Савинову захотелось схватить старика-сноба за шиворот, тряхнуть его как следует и заорать в лицо: «Сукин ты сын! Да вспомни же наконец что говорил раньше! Вспомни все дифирамбы, которые пел Инокову в присутствии Билла Андерса! Тогда, раньше!..»
— Простите, господин Ковальский, — тихо проговорил он, — а не кажется ли вам, что за этим художником будущее современного искусства? Не бездушного, бесформенного, которым сейчас наводнен западный рынок, но глубокого, духовного, способного изменить мир, изменить его так, как это способно сделать только дыхание Создателя?
«Это же твои слова, — глядя в глаза Ковальскому, лихорадочно думал Савинов, но на лице искусствоведа уже все яснее проступала улыбка снисхождения. — Вспомни, ну же!..».
— Ах, господин Савинов, — не скрывая предательской улыбки, искусствовед покачал головой. — Я вас понимаю, вы поверили в этого художника, приобрели его картины, искренне веря в гениальность Инокова, но все обстоит немного иначе. Повторяю, он безусловно хорош, — Ковальский взглянул на картины, скользнул по ним равнодушным взглядом, — но иногда ему не хватает техники, иногда колорита. Как живописец он безусловно лучше рисовальщика. Так же как идеи его полотен интереснее пресловутого мастерства. Хотя и сами идеи однообразны: эти бесконечные ангелы, подсолнухи. Поздние его работы гораздо интереснее, там появляется какая-то страсть. Если бы он не погиб, продолжал работать, то безусловно нашел бы себя в искусстве, а так… — Ковальский вновь развел руками. — Ваш Иноков остался на начальном творческом этапе, точно цветок, еще не раскрывшийся, не распустивший лепестки. Нам так никогда и не узнать, каким бы стал этот цветок и сколько бы красоты он сумел привнести в мир. Увы, господин Савинов. Илья Иноков так и останется маленькой провинциальной звездочкой. Но очень хорошо, что у его искусства нашелся такой вот почитатель, человек, способный собрать его работы, не дать им бесследно исчезнуть…
Ковальский продолжал говорить, но Савинов уже не слышал его. Он почувствовал резкий приступ тошноты. Шум в голове становился все сильнее, гулко отдавался в ушах. Что-то словно должно было вырваться наружу, и это что-то росло и приносило ему все более тяжелые мучения. А потом в глазах его помутнело, и темнота стала заволакивать все: Ковальского, его ползающие по лицу губы, лениво приплясывающие седые усики, груды работ в рамах… И Ангела в петле, вдруг вынырнувшего из моря работ, засветившегося, зазвучавшего так, как он, Дмитрий Савинов, никогда не слышал его раньше.

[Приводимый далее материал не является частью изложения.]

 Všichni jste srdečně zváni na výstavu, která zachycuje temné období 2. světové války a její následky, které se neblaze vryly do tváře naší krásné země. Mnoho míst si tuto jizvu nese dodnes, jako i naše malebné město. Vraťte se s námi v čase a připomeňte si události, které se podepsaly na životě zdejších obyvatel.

Он очнулся и сразу понял, где: в больничной палате. В кресле у стены сидела Рита и смотрела невидящими глазами перед собой.

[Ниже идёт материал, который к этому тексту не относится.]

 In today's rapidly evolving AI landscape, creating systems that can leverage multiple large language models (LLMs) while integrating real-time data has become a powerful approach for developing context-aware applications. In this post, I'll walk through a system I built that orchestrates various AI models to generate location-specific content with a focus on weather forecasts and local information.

— Рита, — тихо позвал он ее.
Она быстро встала, подошла к нему, коснулась ладонью его лба.
— Не волнуйся, милый, все будет хорошо.
— Что со мной? Что это было?
— Ничего страшного…
— Так все же — что?
— Микроинсульт… Все уже позади.
— Сколько я был без сознания?
— Сутки.
Ватной рукой он взял ее пальцы:
— Ты не уйдешь от меня?.. Я говорю о жизни… Обо всей жизни…
Он чувствовал, что она медлит с ответом. А потом, точно спохватившись, Рита улыбнулась:
— Не уйду.
— Ты забыла сказать — «любимый».
Оставила она его только вечером, была с ним ласкова, но он чувствовал, что Рита ждет его выздоровления. А потом… потом их отношения повиснут на волоске, и не важно, каким он, Дмитрий Павлович Савинов, будет: добрым и великодушным или отпетым негодяем. Возможно, второе даже остановит ее, потому что вызовет жалость и желание помочь пропадающему человеку. Но ненадолго. Рита перестала верить ему, и вернуть ее, прежнюю, доверившую ему все — жизнь, любовь, честь, — он уже вряд ли сможет.
За день до выписки к нему пришел Кузин. Он заходил и раньше, и каждый раз выглядел серым, как мышь. Точь-в-точь как на старых комсомольских собраниях, когда получал нагоняй от старших коллег по партии. Наверное, случившееся с ровесником поразило его. Может быть, тронуло. Заставило задуматься о себе. На вопрос Савинова: «Как у нас дела?», — отвечал: «Плывем по течению, Дима».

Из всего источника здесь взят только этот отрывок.